Christopher Botta %BloggerTitle%

NEWARK -- Enough about the failures of the New Jersey Devils, however startling, alarming and wide-spread they may be. It's time to praise the Philadelphia Flyers, who buried the Devils in five games with a 3-0 victory at the Prudential Centre on Thursday.

How did the Flyers do it?

Flyers win series, 4-1
Flyers 3, Devils 0: Recap | Box Score | Series Page

Neutralizing the Big Two Snipers: Jacques Lemaire proudly boasted of the luxury of sending Ilya Kovalchuk and Zach Parise -- two of the league's top nine goal scorers -- over the boards for over 20 minutes a game. One problem: whether it was Chris Pronger, Kimmo Timonen or Braydon Coburn, Flyers assistant coach Kevin McCarthy always had a defender to counter.

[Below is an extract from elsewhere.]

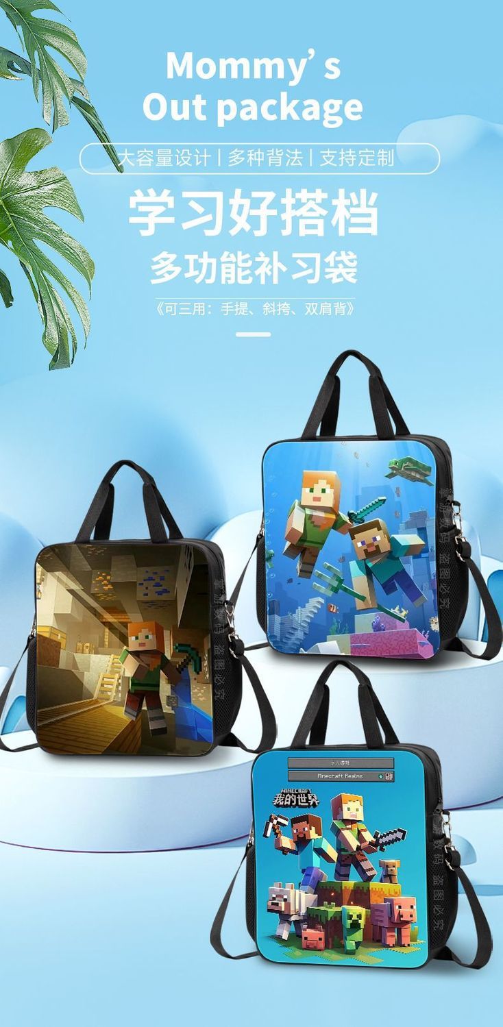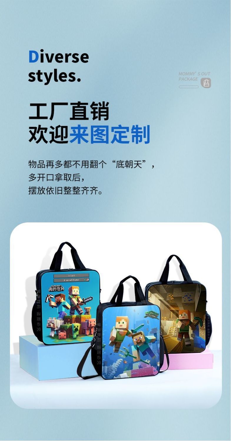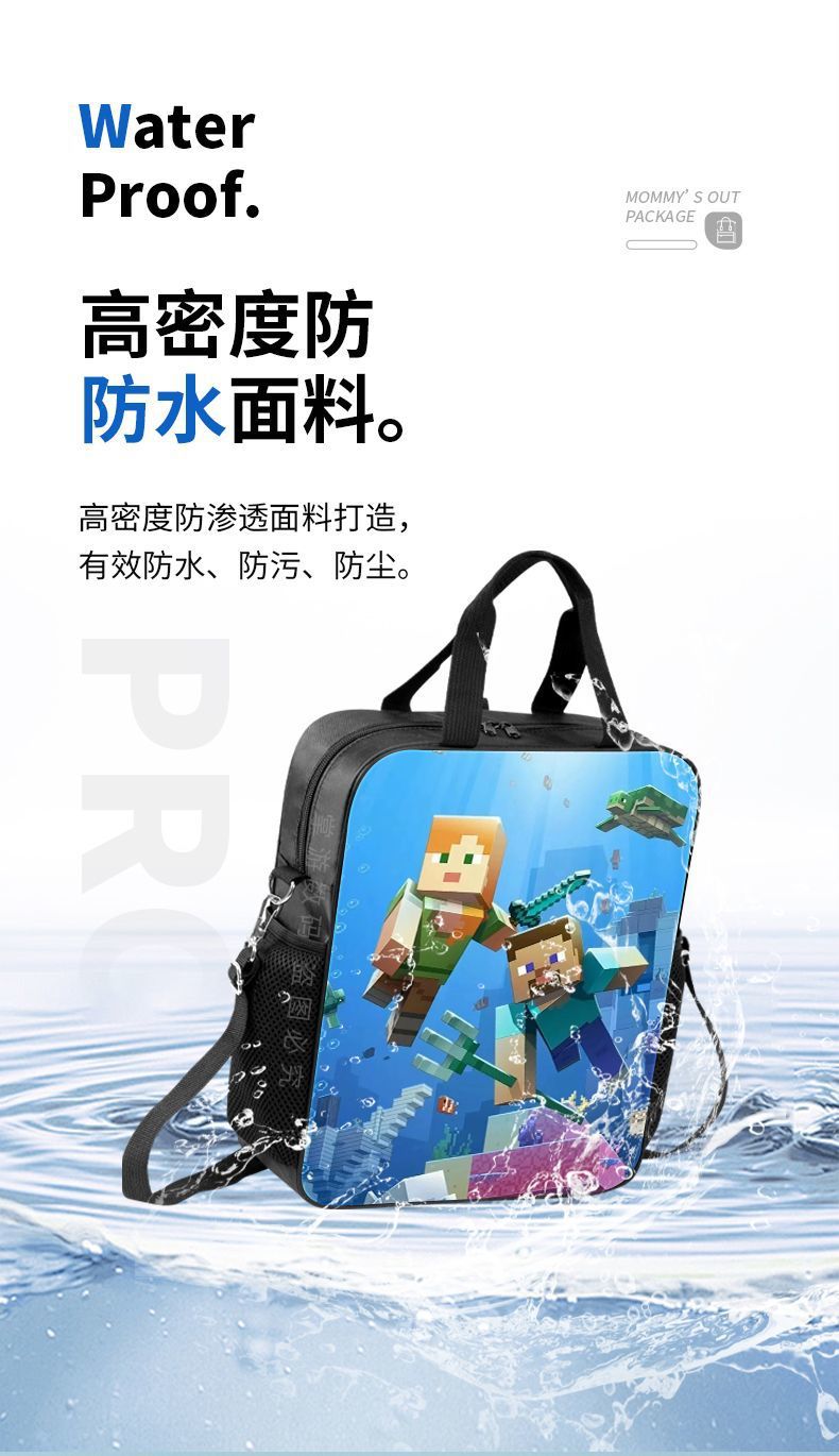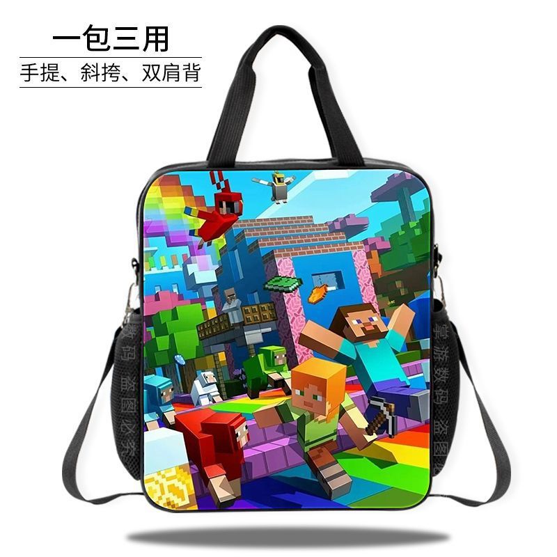 Minecraft 초등 및 중등 학교 학생 과외 가방 방수 핸드백 소녀 과외 가방 도서 파일 가방 크로스 바디 백

"Kevin did an unbelievable job," said Flyers head coach Peter Laviolette. "It's not always easy, especially when you don't have the last change, but he found a way more often than not to get our best people on the ice at the right times."

Pronger is often an easy target because he's so darn big, so well-decorated, nicely-compensated and seemingly has been around since the 1970s. But remember this: GM Paul Holmgren paid the price to get him for his 30-minute ability in the playoffs. Pronger delivered.

"We took it to them physically. It was demoralizing for them. They didn't want to play with us."
-- Daniel Carcillo
The Characters: Think of the Flyers' grinders who were nasty, gritty and consistently effective for the five games, and several names roll off the tongue. Blair Betts. Daniel Carcillo. Ian Laperriere. Darroll Powe. Arron Asham, who was outstanding in every zone and drew penalties. For New Jersey, even reliable agitator David Clarkson had a series he'd like to forget. Philadelphia has a locker room with off-center personalities in every corner.

"We took it to them physically," Carcillo told FanHouse after the game. "It was demoralizing for them. They didn't want to play with us."


Goaltending: In every game Brian Boucher either battled Martin Brodeur to a draw or was better than the future first-ballot Hall of Famer. Early in the series, Chris Pronger said Boucher's confidence had soared to a point where he was not just making saves, he was "sucking in the puck." What a story. A decade after being the goaltender-of-record when the Devils overcame a 3-1 playoff series deficit, Boucher -- Philadelphia's No. 3 goalie for portions of this season -- came back to beat the Devils in five.

When it was over, Boucher refused to make this series about himself. "2000 still stings," said Boucher. "I'm just grateful to have had this opportunity."

Coaching: Laviolette was downright reverential whenever he was asked about the chess game against Jacques Lemaire, and for good reason. Lemaire has made a profound impact on the NHL as a player, coach and executive. Laviolette proceeded to out-coach the great Lemaire from beginning to end.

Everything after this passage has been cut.